1775 LOUIS XV CANADIAN INDIAN PEACE MEDAL

Canada itself turns 150 this year. The American Numismatic Society marked the event with an article by Oliver Hoover in their Pocket Change blog June 23, 2017. Here's an excerpt. -Editor

French Louis XV Canada Indian Peace medal

When I go through the Canadian section of the Society's Indian Peace Medal collection some of the pieces there seem to have things to say about the coming sesquicentennial celebration of July 1, 1867—the day when the three British colonies of Canada (united modern Ontario and Québec), Nova Scotia, and New Brunswick joined together in Confederation and the Dominion of Canada was born.

Every kid likes a good birthday party. Friends, family, presents, and cake are usually involved, so what could there possibly be not to like? However, sometimes as adults, birthdays can become a two-edged sword. While the party might be nice, at times our birthdays can also put us in touch with a sense of our own mortality or feelings of regret that make us uncomfortable. No matter how good the cake is, or how much ice cream is piled on, sometimes birthdays just end up reminding us of our frailties. There will be a big party and a lot of fireworks in Canada this July 1, but for truly reflective Canadians it is going to be one of one of those grown-up birthdays—not a kid one.

I have always thought that a remarkable silver medal in the ANS collection (Fig. 2) perfectly symbolizes the three founding peoples of Canada. The medal was struck in France under Louis XV (1715-1744) for distribution to the leaders of Aboriginal allies or to those who had rendered some exemplary service to the French in North America. The medal itself represents the earliest permanent European settlers in what was to become Canada (Port Royal was established in what became Nova Scotia in 1605 and Québec City in 1608) and its unknown recipient, the original people of the land. The medal's obverse legend, which originally named Louis XV, but was reengraved in 1775 to name King George III of Great Britain, represents the third of the original founders of Canada—the English. Canadian territories claimed by France were ceded to Great Britain in 1763, at the conclusion of the Seven Years' War (1756-1763). People from many other places across the globe have since come to Canada and have made their unique contributions to the country in the centuries that followed, but Aboriginal, French, and English were the original founders of the country, in that order.

The Aboriginal owner of the medal almost certainly had the legend re-engraved to indicate his acceptance of alliance with the British in North America on the eve of the American Revolution and to retain a nice relic of the old French regime—French medals were prized by their Aboriginal recipients because they were generally larger and heavier than most subsequent British Indian Peace medals.
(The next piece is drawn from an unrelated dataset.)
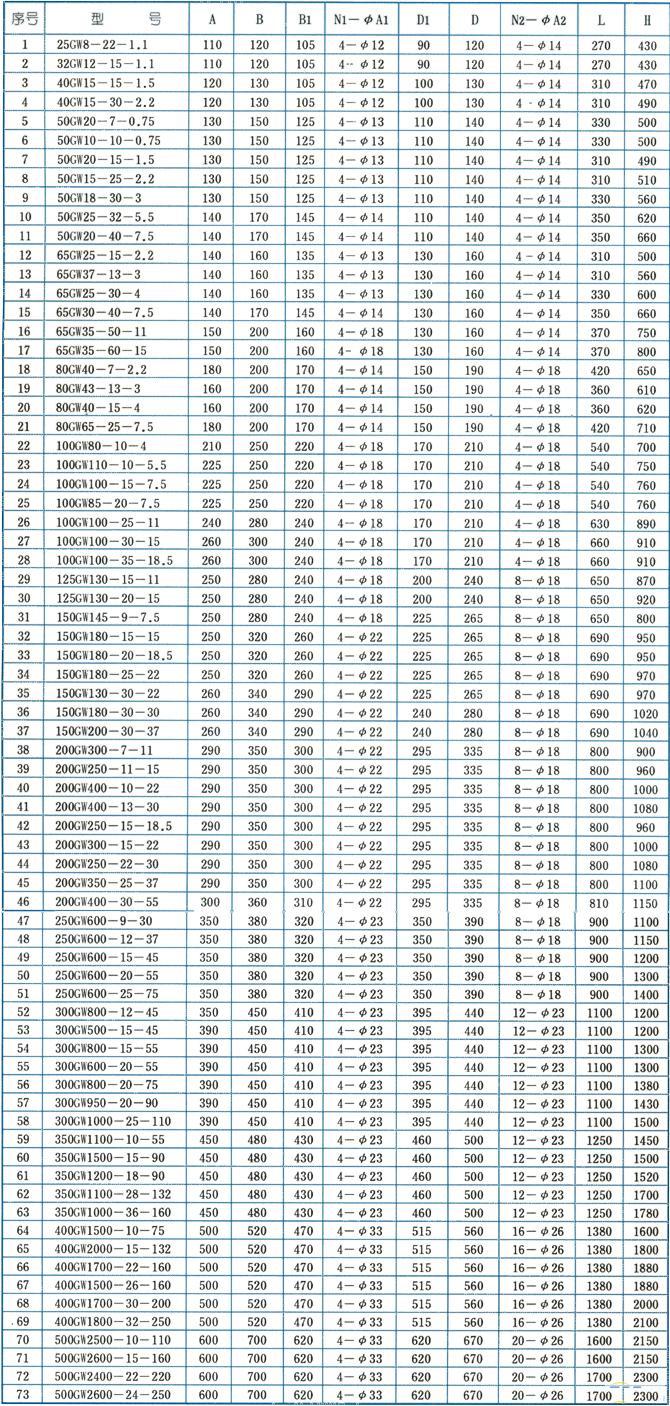 GW型管道式无堵塞排污泵是本司在引进国外先进技术的基础上,结合国内水泵的使用特点而研制成功的新一代泵类产品,具有节能效果显著、防缠绕、无堵塞、自动安装和自动控制等特点,在排送固体颗粒和长纤维垃圾方面,具有独特效果。 该泵水力性能先进、成熟,产品经性能测试,各项指标均符合有关设计要求。 本司产品全部采用计算机设计和优化处理,公司拥有雄厚的技术力量、丰富的生产经验和完善的检测手段,从而保证产品质量的稳定可靠。

It is nevertheless difficult not to think of the re-engraving of the British monarch's name on a French medal bestowed upon an Aboriginal as a kind of allegory for both the sequence of political dominance in Canada, from Aboriginal, to French, to British and for the building of English Canada on pre-existing Aboriginal and French foundations. The medal is also allegorical of the serious problem that makes the 150th anniversary of Canadian Confederation such an adult birthday: The colonial powers of France and Great Britain are both given visible form respectively through the medal itself and the re-engraved legend while its Aboriginal owner has left no trace. He is invisible.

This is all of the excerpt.